As he spoke there came a low moaning sound in the tree-tops, and the sky began to be overcast with dark storm clouds. The dust on the road, too, began to be puffed into little whirlwinds before the breath of the oncoming storm.
Presently a few great drops of rain fell, coming with heavy splashes on the dry road, and falling with resounding splashes on the planes packed on top of the auto.
“Here she comes, boys; we’ve got to seek shelter some place,” warned the miner.
They looked about them in vain, when all at once, up the hillside to the right of the road, they became aware of a trail leading to a ruinous-looking hut that had evidently at one time been occupied by a miner.
“We’ll take shelter there, boys,” exclaimed Bart, pointing to it. “I’ll bet the roof leaks like a sieve, but it’s better than the open at that.”
Hastily the boys pulled waterproof tarpaulins, provided for such a purpose, over the framework of the aeroplane and over the auto.
“There, not a drop of water will touch them, anyhow,” announced Frank, as these preparations to fight the storm were concluded. “Come on, now, for the hut.”
They ran up the hillside as fast as they could, for by this time the rain was coming down in a torrential downpour, and the lightning flashes were ripping the sky in every direction. The artillery of the storm rattled awe-inspiringly. Some of the thunder claps seemed to shake the very ground upon which they stood.
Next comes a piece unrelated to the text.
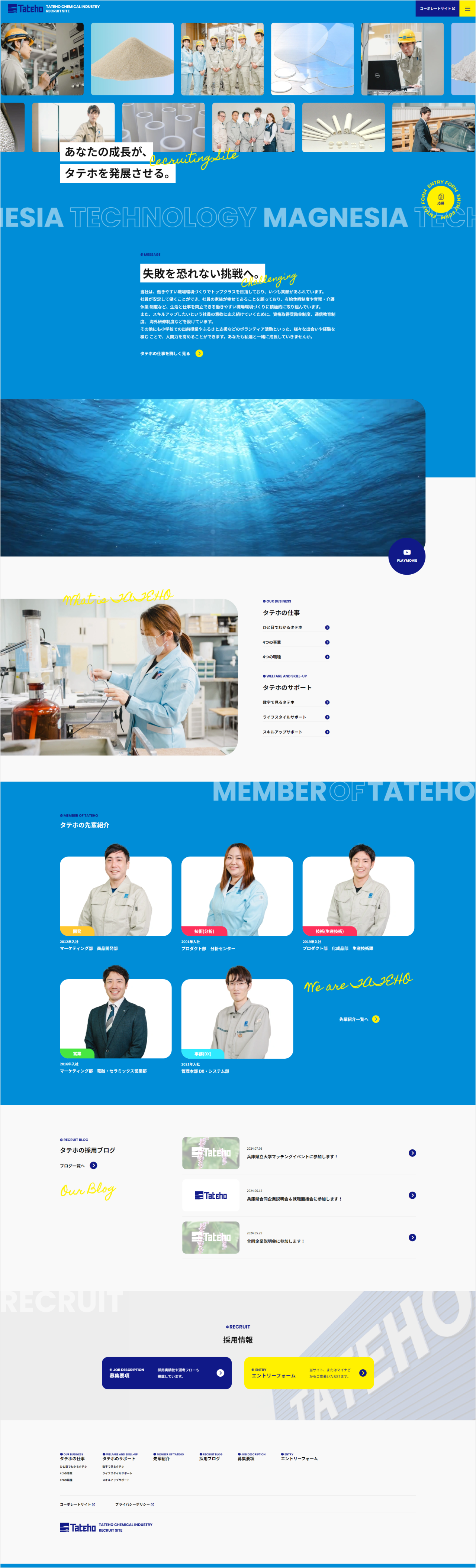 技術者採用に力を入れたいというご依頼で、タテホ化学工業株式会社様の採用サイトを制作しました。

As they ran Bart uttered an exclamation of surprise.
“Why, boys,” he cried, “this yere trail ain’t so far from my mine. It’s only under that next ridge there. If a man dug a tunnel he could get there dry shod.”
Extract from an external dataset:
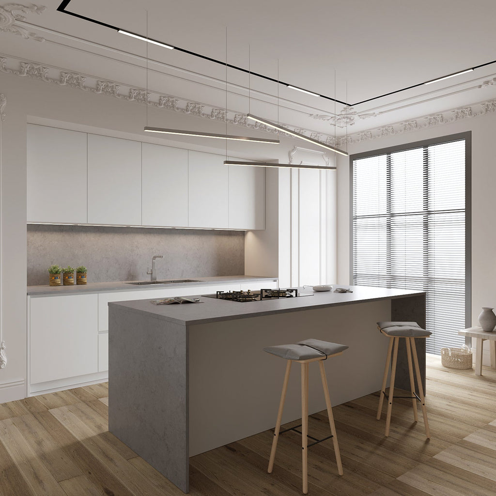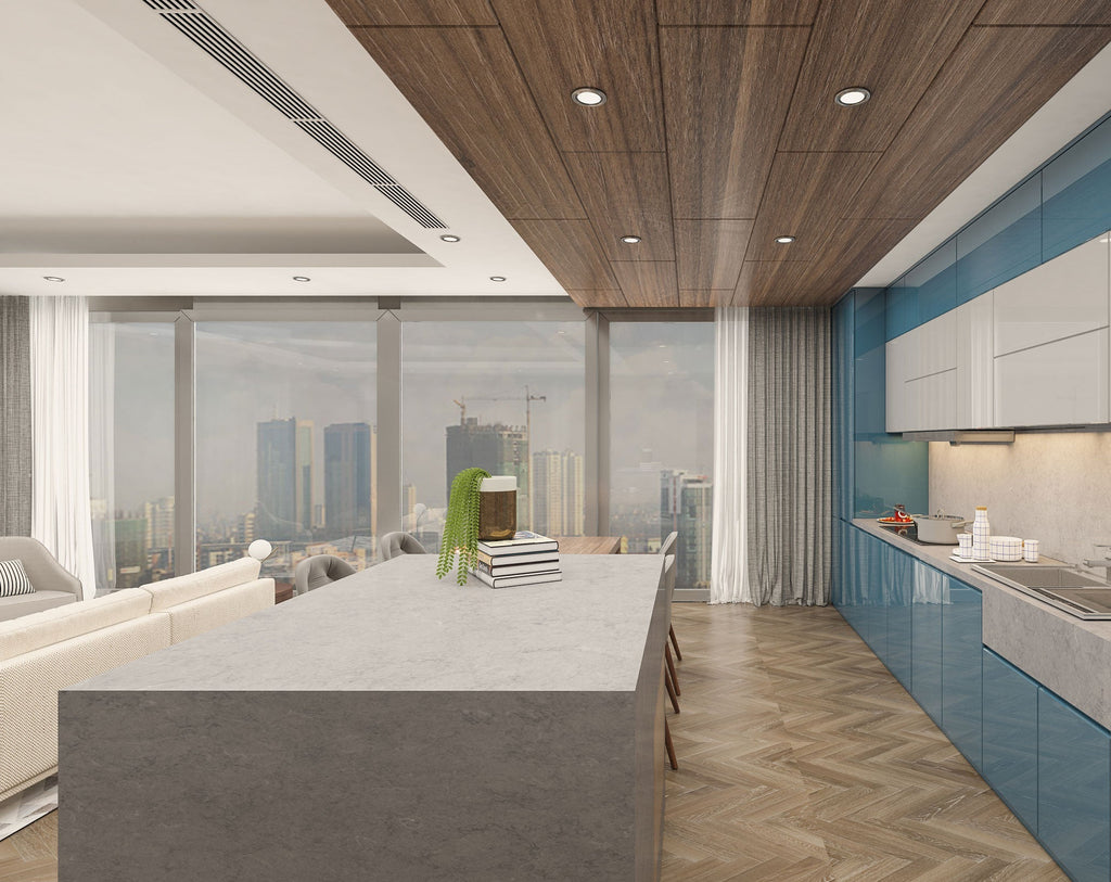 Capture the essence of stylish tranquility with Vicotone Monterosa, a gray-marble-look quartz featuring delicate veining that adds a touch of elegance to any interior space.

At the time they paid no attention to Bart’s words, in such haste were they to get into the hut. They were to recollect them afterward, though, and comment on their strange significance.
Billy was the first to reach the deserted hut. With a whoop he pushed in the crazy door, but the next minute he staggered back with a cry of surprise and a scared look on his face.
“There’s someone in there,” he cried.